BBC Worldwide has recently signed a deal with technology firm Azureus allowing users of Azureus' Zudeo software in the US to download hundreds of episodes of BBC programmes via a file-sharing network for the first time, the corporation has announced. Until now, most BBC programmes found on peer-to-peer file-sharing networks have been illegal copies.
The most commonly used software to download BBC programmes illegally has been Azureus, leading to their rise as a major technology player. Azureus claims that they are simply a method of sharing files and any illegaly activity is due to the file sharers and not the mechanism through which it is achieved. Was Niels Bohr innocent in the development of the atomic bomb following his "controlled" nuclear fission experiments?

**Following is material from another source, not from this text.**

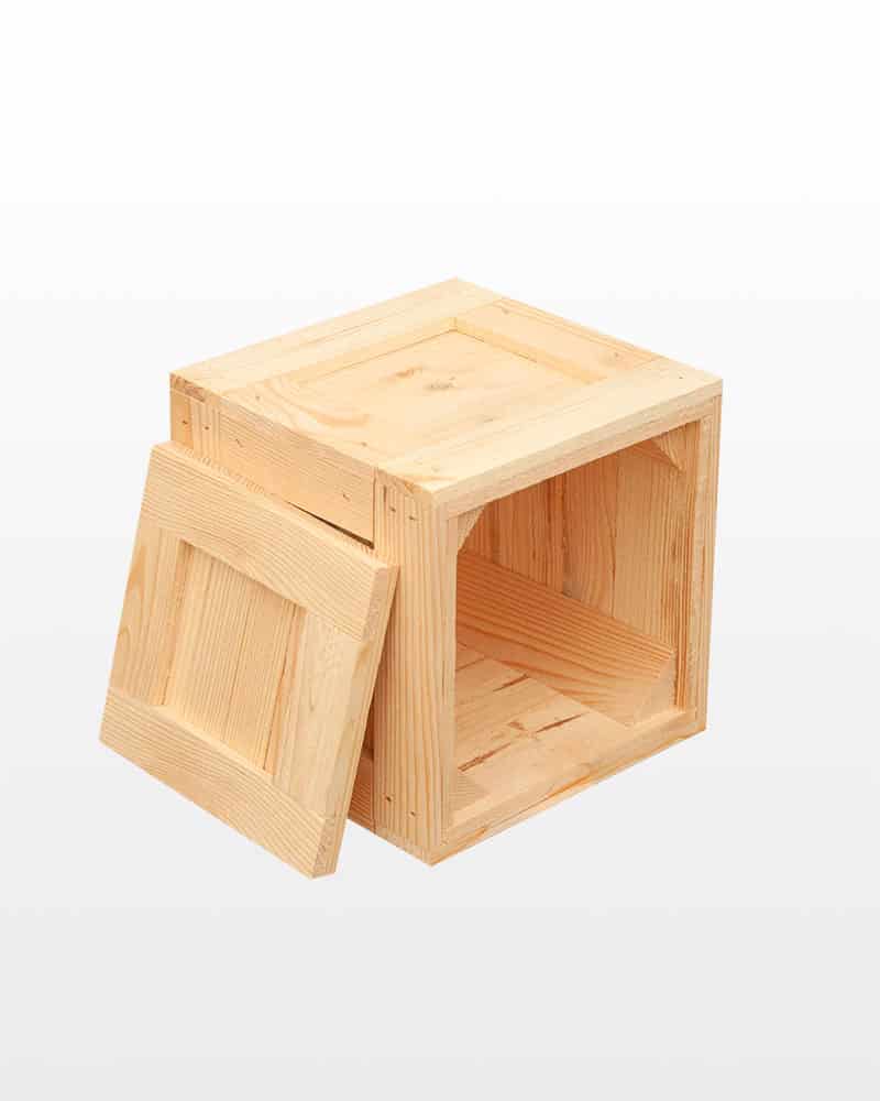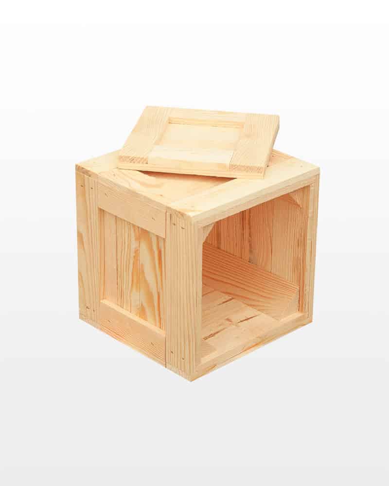 Ящики-куб глухой – тара с равными параметрами высоты, ширины и глубины. Габариты варьируются – 25, 30 и 35 см. Маленькие ящики-кубы деревянные являются тарой широкого применения. Ящик деревянный (25х25х25) изготовлен из натуральной древесины, толщиной планки 10мм. Маленькие натуральные ящики-кубы находят широкое применение при декорировании витрин, глубоких стеллажей, хранения овощей. В комбинации с более низкими ящиками получаются интересные объемные стенки при оформлении интерьеров.

So is this a good move - if you can't beat them, join them and hope they adopt the DRM model more widely? Depending on how this agreement is implemented, will it add some BBC authorisation to the P2P networks in general? Will official BBC downloads be available alongside the illegal ones through a generic bittorrent manager or will their be a special BBC Bittorrent manager?
Lots of questions, lots of potential - whatever happens I think it's great that BBC programmes are available on as many platforms as possible and as widely as possible. As someone working in production, the main thing I want is for people to see my work. I fully support legal file sharing and hope that partnerships such as this will mark a move towards high quality, authorised television available over the torrent networks.